In a third, a Google speech service logged all audio, including an estimated 1,000 childrens’ speech data, for around an hour. “Estimated 1K child speech utterances was collected. Team deleted all logged speech data from the affected time period,” the report read.

In another incident, a customer of Google’s cloud product which is for government clients who need to protect sensitive data, was inadvertently transitioned to a consumer level product. “As a result of an accidental SKU migration to G Suite for Business, US data location is no longer guaranteed for this customer,” the report says.

In some cases, the reports themselves say that the issue has been fixed. After 404 Media shared the identifying codes of around 30 incidents with Google, the company said that each of them was resolved at the time. 

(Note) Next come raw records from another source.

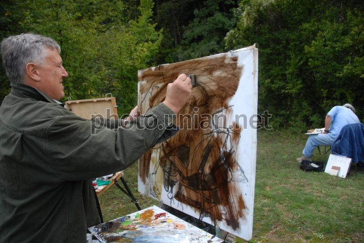 Художник Олег Приходько малює картину в ході 12-го всеукраїнського Севастопольського художнього пленера, в с.Соколине (Крим), в понеділок, 21 вересня 2009 р. За минулі роки в місто-герой приїжджали немало іменитих художників. На цей раз до Севастополя також приїхала велика група заслужених і народних художників України. Фото Олександра Юрченка / УНИАН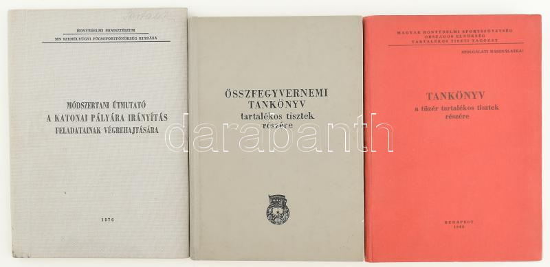 Beschreibung: 3 db militária témájú könyv: Módszertani útmutató a katonai pályára irányítás feladatainak végrehajtására. H.n., 1976, HM MN személyügyi főcsoportfőnökség. Egészvászon kötésben. + Molnár József et. al.: Összfegyvernemi tankönyv tartalékos tisztek részére. Bp., 1965. Magyar Honvédelmi Sportszövetség. Címlapon "Szolgálati használatra" intézményi bélyegzéssel. Nyl-kötés. + Enzsől Gyula et. al.: Tankönyv a tüzér tartalékos tisztek részére. Bp., 1965. Magyar Honvédelmi Sportszövetség. Címlapon "Szolgálati használatra" intézményi bélyegzéssel. Egészvászon kötésben.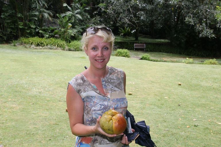 После Виктории мы поехали в Сейшельский Ботанический Сад. Вход платный, 100 рупий/чел. Сад не очень большой, но приятный, ухоженный. А с рассказом нашего гида о местных растениях прогулка была очень интересной! Здесь растут все 6 видов эндемических пальм Сейшельских островов. Показал нам и дал понюхать плоды винной пальмы, действительно пахнут брагой))

Some other incidents marked with high priority or are otherwise notable in the database include:

  • A filter that was supposed to stop childrens’ voices from being collected was not correctly applied.
  • A person modified customer accounts on AdWords, what Google’s ad platform was named at the time, to manipulate affiliate tracking codes on ads.
  • The global security team warned that it was expecting a dawn raid of a Google office in Jakarta in April 2017 (a similar incident did happen in September 2016).
  • Waze carpool’s feature leaked the trips and home addresses of other users.
  • A Google employee accessed private videos in Nintendo’s YouTube account, and leaked information ahead of Ninendo’s planned announcements. An internal interview concluded the activity was “non-intentional,” the report says.
  • Sabre, a travel agent that Google uses, was compromised and Google employee payment information was exposed.
  • A quirk in Android’s keyboard meant that children were pressing the microphone button, resulting in Google logging audio from children as part of the launch of the YouTube Kids app.
  • YouTube made recommendations based on videos users had deleted from their watch history, which was against YouTube’s own policy.
  • A YouTube blurring feature was exposing uncensored versions of pictures.
  • When iOS users of Google Drive or Docs set access controls on a file as “Anyone with the link,” Google actually treated it as a “Public” link.
  • YouTube videos uploaded as unlisted or private could appear publicly available for a short time.

Google told 404 Media in a statement “At Google employees can quickly flag potential product issues for review by the relevant teams. When an employee submits the flag they suggest the priority level to the reviewer. The reports obtained by 404 are from over six years ago and are examples of these flags—every one was reviewed and resolved at that time. In some cases, these employee flags turned out not to be issues at all or were issues that employees found in third party services.”

404 Media obtained the large dataset from an anonymous tipster who did not provide their real name or identity. 404 Media then verified the veracity of the dataset; Google also confirmed aspects of its contents.